Contre le libéral-étatisme : Pierre Chappaz débat avec Gaspard Koenig

Liberté (Crédits : Alban Gonzalez, licence CC-BY-NC 2.0), via Flickr.

Ce que souhaitent la plupart des libertariens, ce n’est pas la disparition de l’État, mais une cure d’amaigrissement radicale, couplée à un programme de gymnastique exigeant.

Par Pierre Chappaz.

Liberté (Crédits : Alban Gonzalez, licence CC-BY-NC 2.0), via Flickr.
Liberté (Crédits : Alban Gonzalez, licence CC-BY-NC 2.0), via Flickr.

 

La réponse de Gaspard Koenig à mon billet « Identité et liberté, lettre à Gaspard Koenig » me déçoit, mais je ne suis pas surpris, et au contraire, je me sens conforté dans mes positions par la faiblesse de son argumentation. Le débat entre libéraux, qui semble attrister Gaspard Koenig, est utile et légitime.

Le jeune philosophe est le « bon client » libéral de tous les médias français, qui apprécient sa petite musique, franchement libertaire sur le plan sociétal, et adorablement ambigüe sur le plan économique. La synthèse collectiviste-libertaire plaît toujours autant aux journalistes, qui ont besoin de renouveler leurs invités, on a assez vu Dany Cohn-Bendit.

Un libéral, auréolé de son passé de rédacteur des discours de Christine Lagarde, qui explique que la solution à la crise c’est de faire défaut sur la dette, c’est nouveau et intéressant ! Personne n’y avait pensé, à part Jean-Luc Mélenchon, et pourtant c’est tellement simple… on oublie, la dette, pfuit !

Koenig explique aussi que « les libéraux défendent depuis une dizaine d’années le revenu universel ». Je considère cette idée comme une énième utopie socialiste, pas comme une idée libérale, dans un pays, la France, où l’État et son dispositif de clientélisme et d’assistanat consomme déjà 57% de la richesse nationale.

Le philosophe libéral-étatiste véhicule également la vieille antienne sur la « disparition du travail » du fait des robots. Reparlons-en dans quelques années quand chacun aura enfin constaté que les pays qui subissent le chômage de masse sont les pays mal gérés et étouffés sous le poids de l’État comme la France, l’Italie et l’Espagne.

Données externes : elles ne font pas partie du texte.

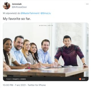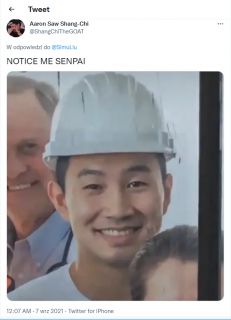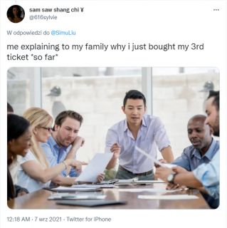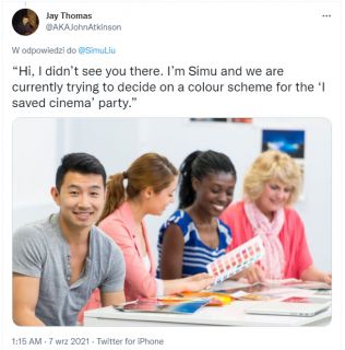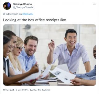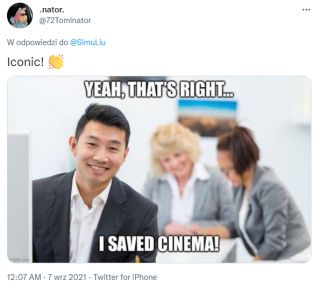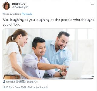 Simu Liu postanowił uczcić udany weekend Shang-Chi i legenda dziesięciu pierścieni na kinowych ekranach. W tym celu na swoim koncie na Twitterze opublikował zdjęcie stokowe, do którego pozował na początku swojej kariery. Przy okazji wyśmiewa tych, którzy nie wierzyli w sukces produkcji: „Śmieję się z ludzi, którzy myśleli, że będzie klapa”.
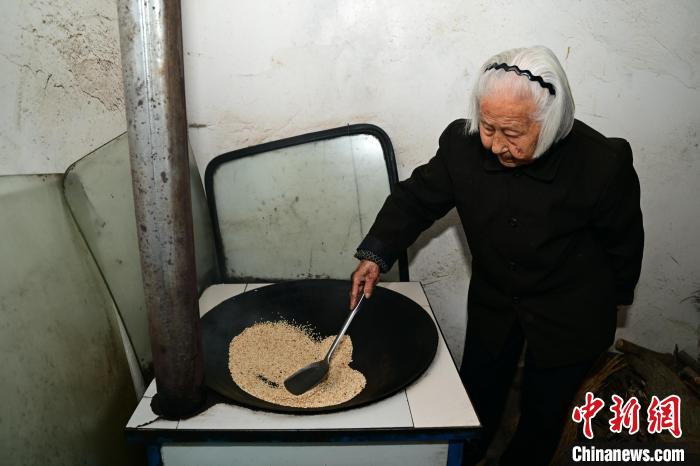 近日,在湖北钟祥杨集村一座农家小院里,鞠兰英把大米放入铁锅,用小火慢慢加热,不停地翻炒,直到白米全部变成杏黄色,香味扑鼻。

Koenig aurait mieux fait de ne pas me répondre, plutôt que de caricaturer mes positions en me dépeignant comme un partisan des sociétés primitives à la sauce Guaranis d’Amazonie. Ce que souhaitent la plupart des libertariens, ce n’est pas la disparition de l’État, mais une cure d’amaigrissement radicale, couplée à un programme de gymnastique exigeant, pour traiter ce problème d’obésité de l’administration, qui étouffe littéralement la société.

Dans un pays comme la France ou le secteur privé, réduit à 43% de la richesse nationale, ne fait plus aucune croissance depuis des années, l’heure n’est pas à la promotion du « jacobinisme libéral », mais à la promotion de la liberté, celle des individus écrasés de taxes et de réglementations, ou assistés tels de grands drogués, et celle des entreprises qui ont tant perdu de leur compétitivité sur les marchés mondiaux.

Revenir d’un État obèse à un État léger, concentré avant tout sur ses fonctions régaliennes, notamment la sécurité intérieure et extérieure, la loi et la justice, c’est le cœur du libéralisme. Cet objectif modeste est pourtant utopiste en France, ou aucun homme ou femme politique ne sera sans doute jamais élu(e) sur un programme à la Margaret Thatcher.

Pour que peut-être un jour cela change, il faut sortir le débat sur le libéralisme de la diabolisation « ultralibérale » et de la confusion « libérale-médiatique ».